São engrenagens de uma maquinaria maior em que as pessoas implicaram seu
sistema-mundo, suas zonas de conforto com seus automatismos. O desejo
de fascismo é real! Não é um problema abstrato, como sabem aqueles que
resolveram viver as coisas do mundo além de seus pequenos círculos
ativistas."
Grande mídia e máquinas desejantes
Alguém dá uma entrevista pra um jornalista que black blocs e o PCC podem fazer protestos na Copa, em separado. O jornal coloca uma manchete fazendo a ligação. O governo pega a manchete diz que é inadmissível que black blocs e PCC estejam associados. No dia seguinte, ouço de várias pessoas que “por trás” das manifestações está o PCC. Fico espantado. Meu primeiro impulso é lamentar como a grande imprensa ainda tem um enorme poder e como as pessoas são alienadas. Mas não. Está errado. Essas várias pessoas já achavam que X está “por trás” das manifestações. Elas já têm pra si as verdades que “bandido bom é bandido morto”, “se levou alguma coisa fez” e “protesto é coisa de desocupado”. Cada notícia ou opinião não passa assim da confirmação dessas verdades, e elas estão apenas esperando a senha da grande mídia sobre quem é o X da vez, o X que confirma um esquema desejante já presente, já operativo, que é acionado.

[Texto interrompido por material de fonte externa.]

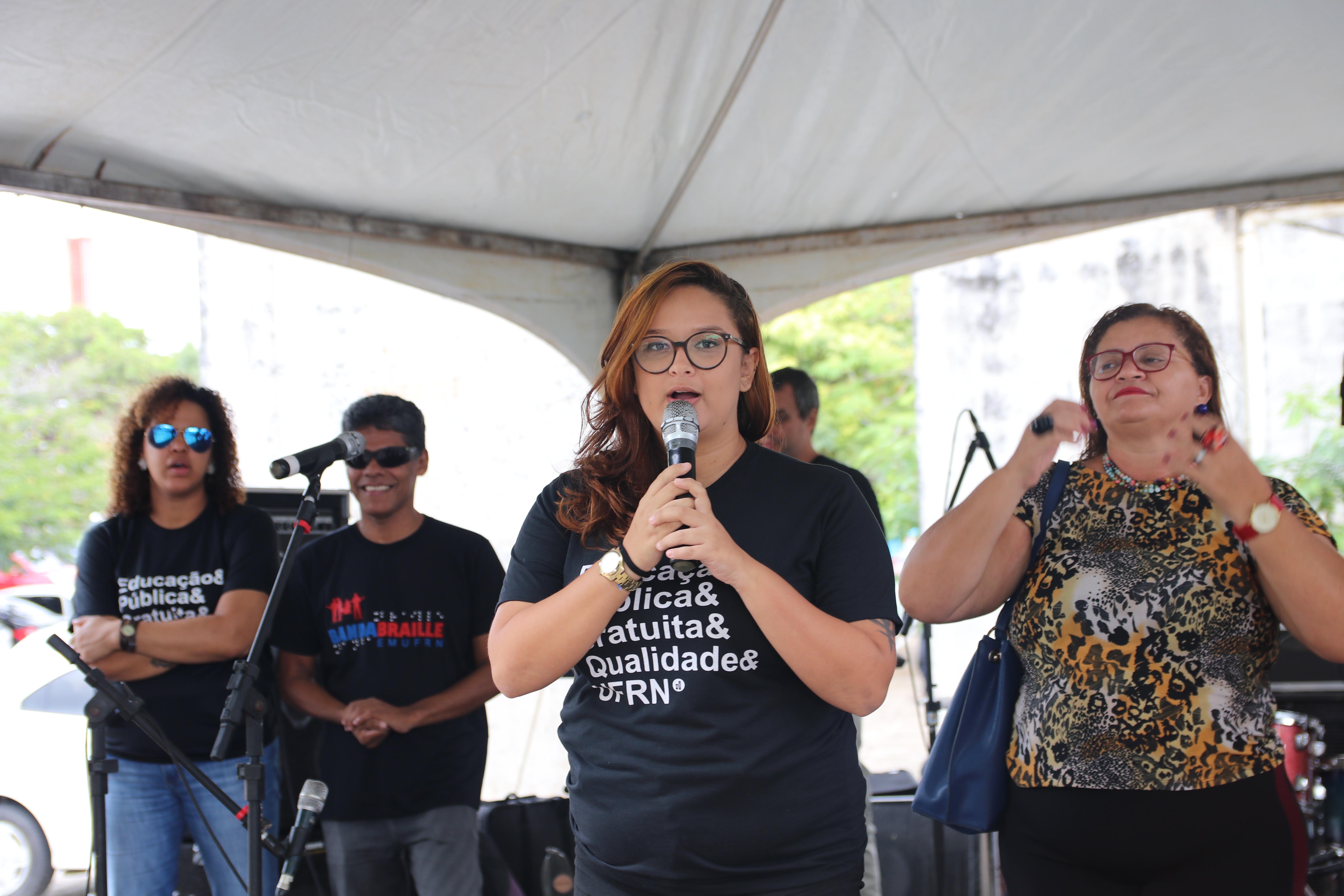 Paralisação no dia 2 de outubro. Professores, servidores, estudantes e profissionais ligados à área da educação seguem agenda nacional que pretende mobilizar o Brasil em defesa das Instituições Federais de Ensino e da Educação Pública, ameaçadas pelo corte de 30% do orçamento. Em Natal, pela manhã, o ADURN-Sindicato, ATENS-UFRN, Sintest e DCE realizaram um ato político-cultural, a partir das 9h, no estacionamento do Centro de Convivência da UFRN.

As pessoas não são iludidas pela Globo, Veja ou Cidade Alerta. Porque tem várias que são pessoas inteligentes, conscientes, informadas. Elas realmente desejam a Globo, Veja e Cidade Alerta. Essas várias pessoas estão só esperando a senha para começar a desqualificar e propagar as ondas de choque fascistas, que levam aos linchamentos, à tolerância e até regozijo com a brutalidade policial, a amar um filme como “Tropa de Elite” ou viabilizar politicamente coisas como Bolsonaro ou Feliciano. São engrenagens de uma maquinaria maior em que as pessoas implicaram seu sistema-mundo, suas zonas de conforto com seus automatismos. O desejo de fascismo é real! Não é um problema abstrato, como sabem aqueles que resolveram viver as coisas do mundo além de seus pequenos círculos ativistas.
Mas essas mesmas pessoas que têm componentes psicomotores desejantemente fascistas, também desejam outros mundos, além daqueles agenciados pela Globo, Veja e Cidade Alerta. Porque elas também vivem o amor, a amizade, a alegria, a cupidez das paixões, os pequenos prazeres, e também têm a capacidade de indignar-se, por si ou pelos outros. As mesmas pessoas! Em diferentes graus. Não há abominações totais nem inocentes absolutos. Nenhum de nós. As pessoas também sentem o outro lado, o lado atacado pelo desejo de fascismo, em alguma medida, por alguma qualidade minoritária, ainda que inclassificável. Que mulher duvidaria do machismo? Que negro, depois de tanto, não veria o racismo? Que gay ou lésbica discordariam da homofobia? Somente quando a pessoa e aqueles que ela ama são atravessados por alguma condição existencial, é que se desestruturam as zonas de conforto e suas ninharias, e é quando as discussões do tipo Veja perdem o sentido, se tornando opacas, postiças.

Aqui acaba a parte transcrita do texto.